Psychedelic pioneer John C. Lilly, inventor of the sensory deprivation tank and intrepid explorer of altered states of consciousness, explains the nature of consciousness in this intelligent and insightful talk
In the lecture embedded below, John C. Lilly eloquently discusses levels of consciousness from a variety of perspectives. He touches on topics such as satori, Russian mystic G. I. Gurdjieff, the Hindu chakra system and the kundalini experience.
It’s a truly amazing talk—he crams 20 years of psychotherapy and spiritual seeking into 20 minutes. That’s not to say that he favors a quick fix approach. The methods he discusses can take years to develop an aptitude for. Yet John C. Lilly cuts through 90% of the bullshit—not just other people’s, but above all our own—with which we delude ourselves and feed our egos.
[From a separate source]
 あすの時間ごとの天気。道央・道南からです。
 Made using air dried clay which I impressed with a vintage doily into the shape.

Lilly’s mammoth intelligence and keen intuition are made crystal clear in this talk.
Lilly was a pioneer in consciousness studies and psychedelic science. His Metaprogramming the Human Biocomputer is a staple of psychedelic literature—he’s perhaps most highly regarded for his pioneering work with deprivation tanks.
From his Wikipedia entry:
In 1953, Lilly began a job studying neurophysiology with the US Public Health Service Commissioned Officers Corps. At the NIMH in 1954,with the desire of isolating a brain from external stimulation, he devised the first isolation tank, a dark soundproof tank of warm salt water in which subjects could float for long periods in sensory isolation. Lilly and a research colleague were the first to act as subjects of this research. What had been known as perceptual isolation or sensory deprivation was reconceptualized as Restricted Environmental Stimulation Technique (REST).
Lilly later studied other large-brained mammals and during the late 1950s he established a facility devoted to fostering human-dolphin communication: the Communication Research Institute on St. Thomas in the Virgin Islands. During the early 1960s, Lilly and co-workers published several papers reporting that dolphins could mimic human speech patterns. Subsequent investigations of dolphin cognition have generally, however, found it difficult to replicate his results.
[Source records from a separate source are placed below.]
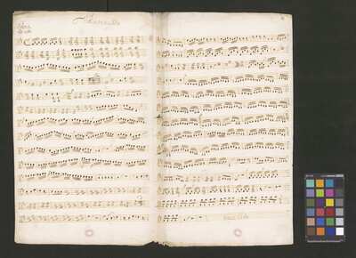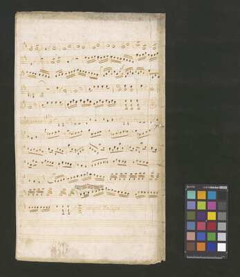 [pl-text: Na pierwszej stronie okładki zapisany pomarańczową kredką duży numer "N. 6".], [pl-text: Foliacja w źródle naniesiona ołówkiem.], [pl-text: Na końcu partii S solo rozpisana kadencja.], [pl-text: Pieczęć okrągła o treści "ARCHIWUM I BIBLIOTEKA | Krakowskiej Kapituły Katedralnej | Kk.I. | 586" na 2r.], [pl-text: Mała, czerwona, owalna pieczęć o treści "CATH. CRAC. * ARCH. CAPIT." na 1v oraz na stronach recto kart 3-15.]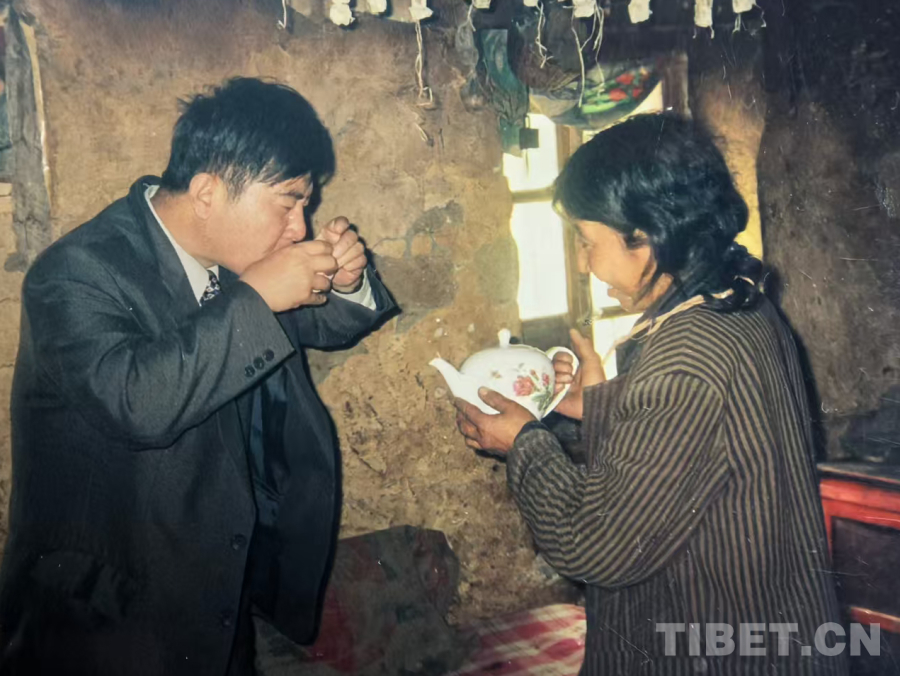 图为2002年10月,李建新在山南隆子县玉麦乡乡长卓嘎家 受访者供图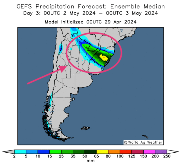 - Cette carte de l’Argentine, fournie par World Ag Weather et dessinée pour les 3 prochains jours, montre notamment des possibilités de pluies abondantes dans le Nord-Est argentin. Elle indique aussi que le système pourrait s’étaler plus au nord, vers l’État brésilien du Rio Grande do Sul.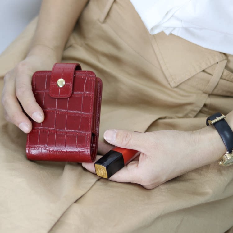 2020 Slave Pure Head Layer Crocodile Striped Cow Leather Lipstick Red Bag With Mirror Genuine Leather Cosmetic Bag Containing Bag-Taobao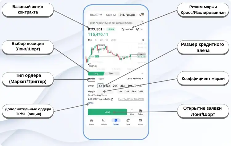 - Изолированная (Isolated Margin) – для одной позиции выделяется фиксированная сумма с общего счета. В случае ликвидации позиции убыток ограничен только этой суммой. Такой вариант подходит для сделок с повышенным риском, где важно заранее ограничить возможные потери;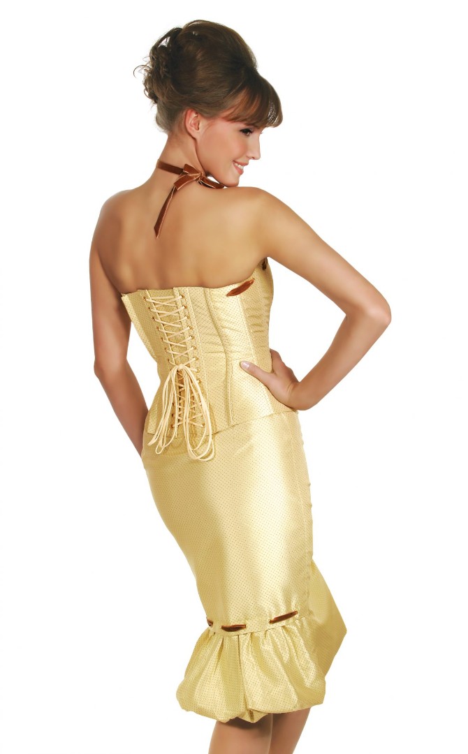 Abbildung: Rock R62 aus Seide „Point“ vanille mit dekoratven Ösen und Samtband, Korsett M24 aus Seide „Point“ vanille mit Extras Nr.62 – dekorativen Ösen und Samtband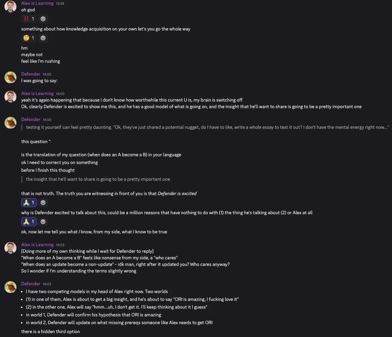 - And I think that realising this is a watershed moment for me, re: ORI. I’m taking the Wisdom of a Very Established Thinker and saying “uh dude, no, that looks wrong?”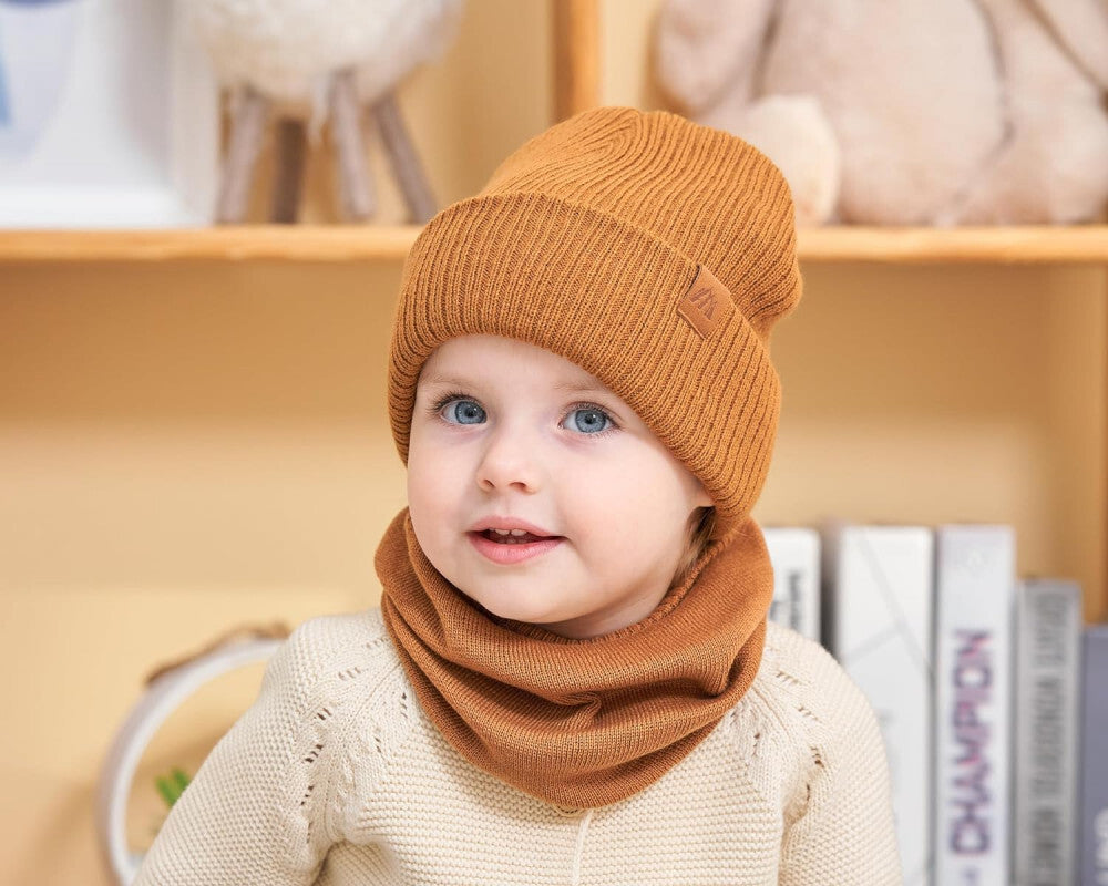 - AHAHA Čepice a Kruhový Šál Sada pro Malé Děti - Velikost S, Hnědá Barva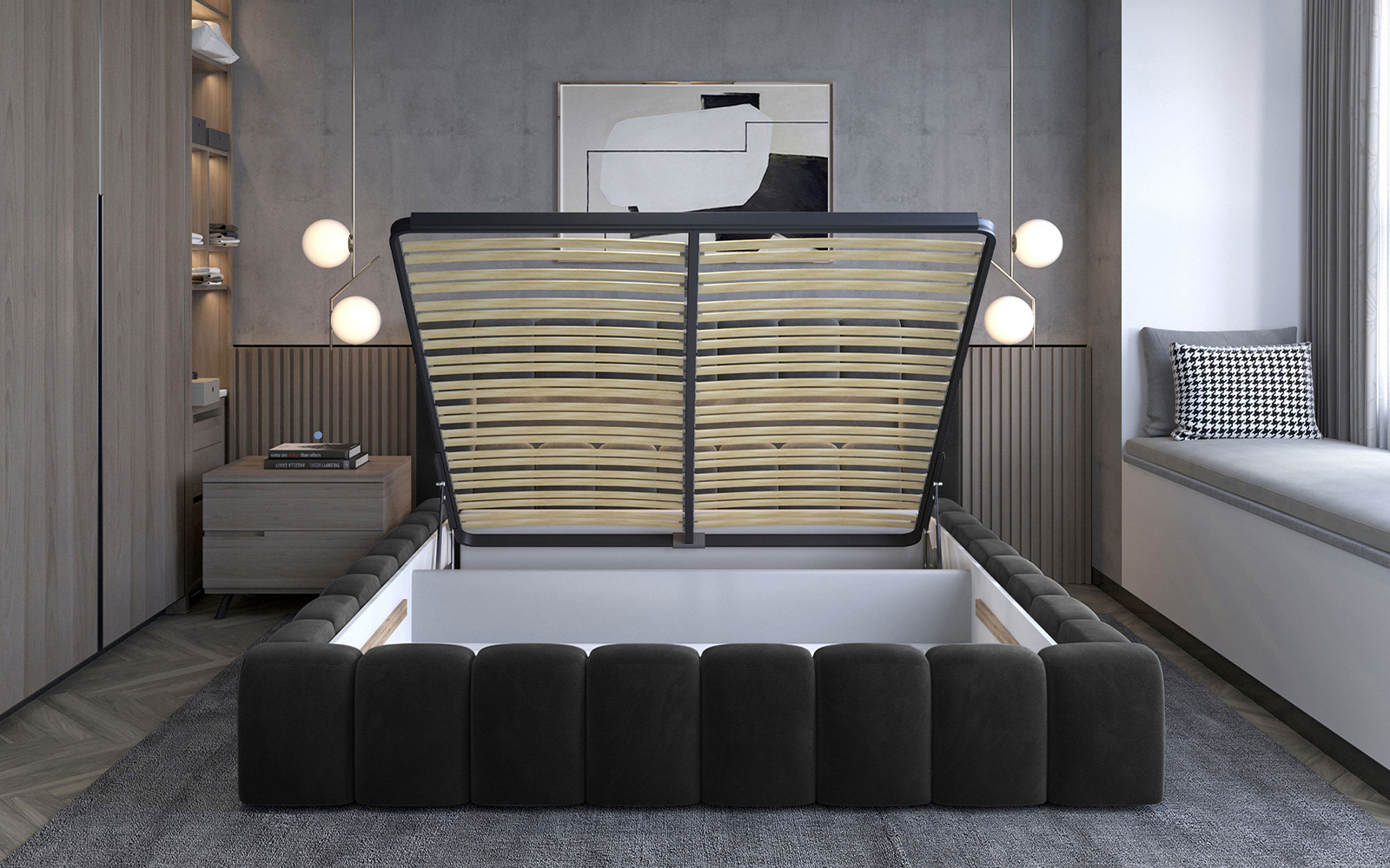 Structura patului este bazată pe un cadru metalic robust, completat de un mecanism de ridicare pe gaz, ce facilitează accesul la cele două compartimente de depozitare ascunse. Acestea sunt spațioase și practice, perfecte pentru organizarea lenjeriei, pernelor sau a păturilor, optimizând astfel spațiul disponibil din dormitor.

In the 80s, John C. Lilly became fascinated with interspecies communication with dolphins, and even directed a project to discover if dolphins can be taught computer-synthesized language. He saw a time when the killing of dolphins and whales would cease, writing that it would not happen “from a law being passed, but from each human understanding innately that these are ancient, sentient earth residents, with tremendous intelligence and enormous life force. Not someone to kill, but someone to learn from.”